◆ **Stored data**:
------------

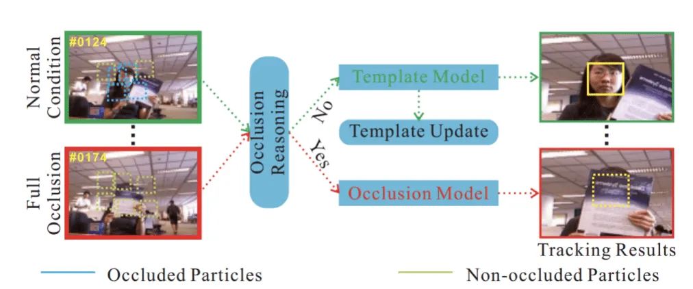 OAPF框架。应用了带有遮挡处理的粒子滤波方法,其中遮挡模型是针对模板模型构造的。当目标被遮挡时,遮挡模型用于预测位置而无需更新模板模型:
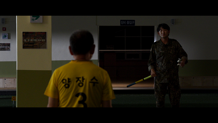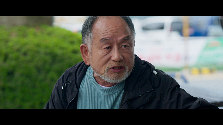 앞서 말했듯 영훈의 이 질문은 장수뿐만이 아닌 영화를 보는 우리의 자세를 고쳐 잡게 만드는 질문이기도 하다. 우리는 왜 영화 속 인물들을 이미 알고 있는 것처럼 생각했던 것일까. 왜 누군가를 내 마음대로 판단하고 더 이상 궁금해하지 않았던 것일까. 왜 물어보지 않았던 것일까. 익숙한 대사를 뱉고 뻔한 행동을 하는 전형적인 캐릭터들 다음에 장수의 “왜 안 물어보십니까?”라는 질문이 붙을 때, 우리는 비로소 영화의 부정적인 첫인상이 의도적인 것이었음을 깨닫게 된다. 이 시퀀스에서 또 하나 인상적인 연출은 영훈이 게이트볼 스틱을 마치 골프 스윙을 하듯 강하게 휘두르는 모습을 보인다는 것이다. 주로 고령층이 즐기는 상대적으로 느긋한 스포츠로 알려진 게이트볼에서 이러한 파워가 느껴질 수 있다는 것을 단박에 보여주는 장면으로, 여기서 관객이 느낀 당혹감을 감각적으로 표현해냈다는 점에서 뛰어나다.
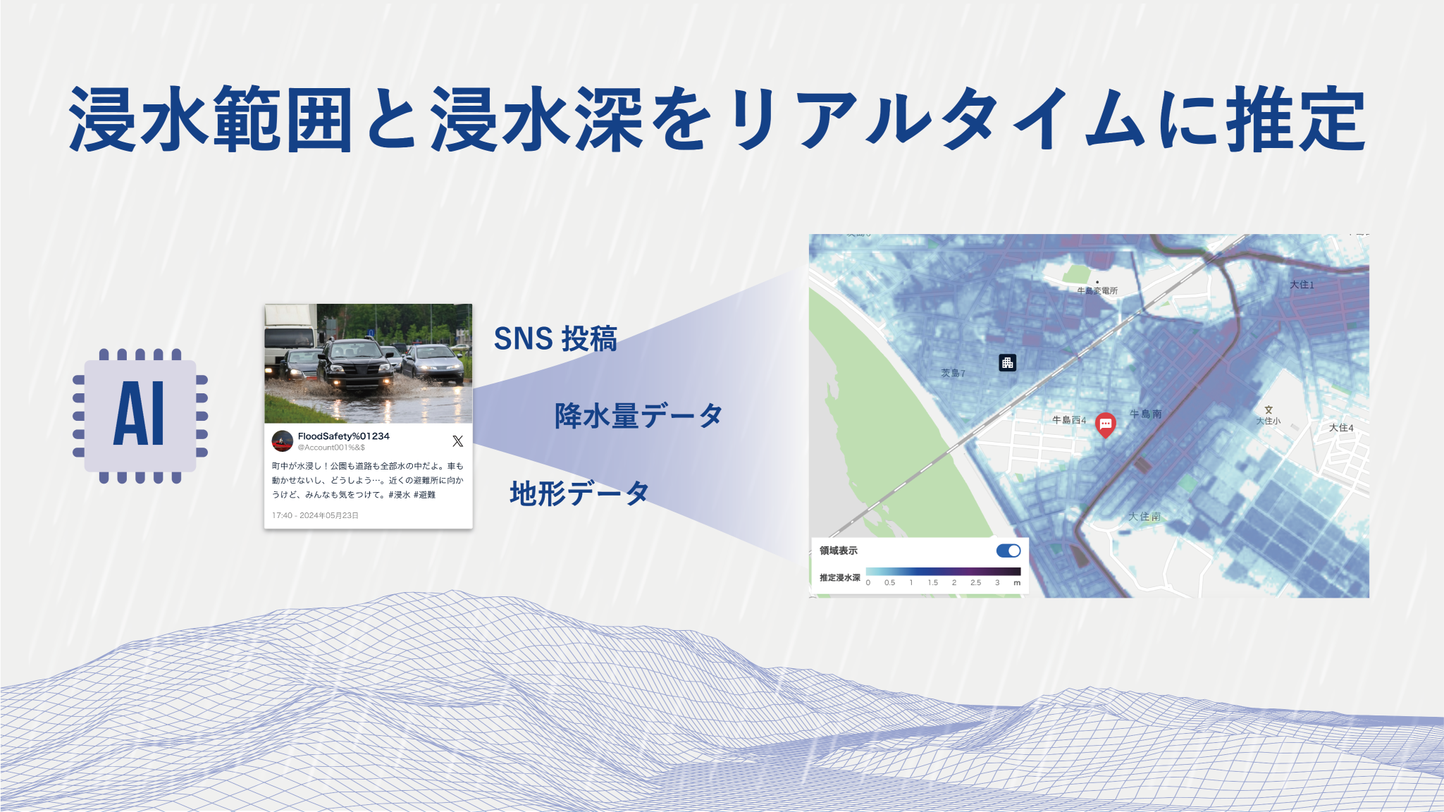 一方で、水害は突発的な地震とは異なり、「進行型」の災害であるため、事前に自社のリスクの高まりを覚知し、準備する猶予があることが特徴です。そこで、Specteeでは、強みである「SNS情報の収集」と「AI解析」を活かし、2021年、水害のリスクを可視化する「リアルタイム浸水推定」を開発しました。

------------

◆ **Problem to solve**:
Return the material word for word. Pictures are not part of the copy.

◆ **Response to the exercise**:
 OAPF框架。应用了带有遮挡处理的粒子滤波方法,其中遮挡模型是针对模板模型构造的。当目标被遮挡时,遮挡模型用于预测位置而无需更新模板模型:
 앞서 말했듯 영훈의 이 질문은 장수뿐만이 아닌 영화를 보는 우리의 자세를 고쳐 잡게 만드는 질문이기도 하다. 우리는 왜 영화 속 인물들을 이미 알고 있는 것처럼 생각했던 것일까. 왜 누군가를 내 마음대로 판단하고 더 이상 궁금해하지 않았던 것일까. 왜 물어보지 않았던 것일까. 익숙한 대사를 뱉고 뻔한 행동을 하는 전형적인 캐릭터들 다음에 장수의 “왜 안 물어보십니까?”라는 질문이 붙을 때, 우리는 비로소 영화의 부정적인 첫인상이 의도적인 것이었음을 깨닫게 된다. 이 시퀀스에서 또 하나 인상적인 연출은 영훈이 게이트볼 스틱을 마치 골프 스윙을 하듯 강하게 휘두르는 모습을 보인다는 것이다. 주로 고령층이 즐기는 상대적으로 느긋한 스포츠로 알려진 게이트볼에서 이러한 파워가 느껴질 수 있다는 것을 단박에 보여주는 장면으로, 여기서 관객이 느낀 당혹감을 감각적으로 표현해냈다는 점에서 뛰어나다.
 一方で、水害は突発的な地震とは異なり、「進行型」の災害であるため、事前に自社のリスクの高まりを覚知し、準備する猶予があることが特徴です。そこで、Specteeでは、強みである「SNS情報の収集」と「AI解析」を活かし、2021年、水害のリスクを可視化する「リアルタイム浸水推定」を開発しました。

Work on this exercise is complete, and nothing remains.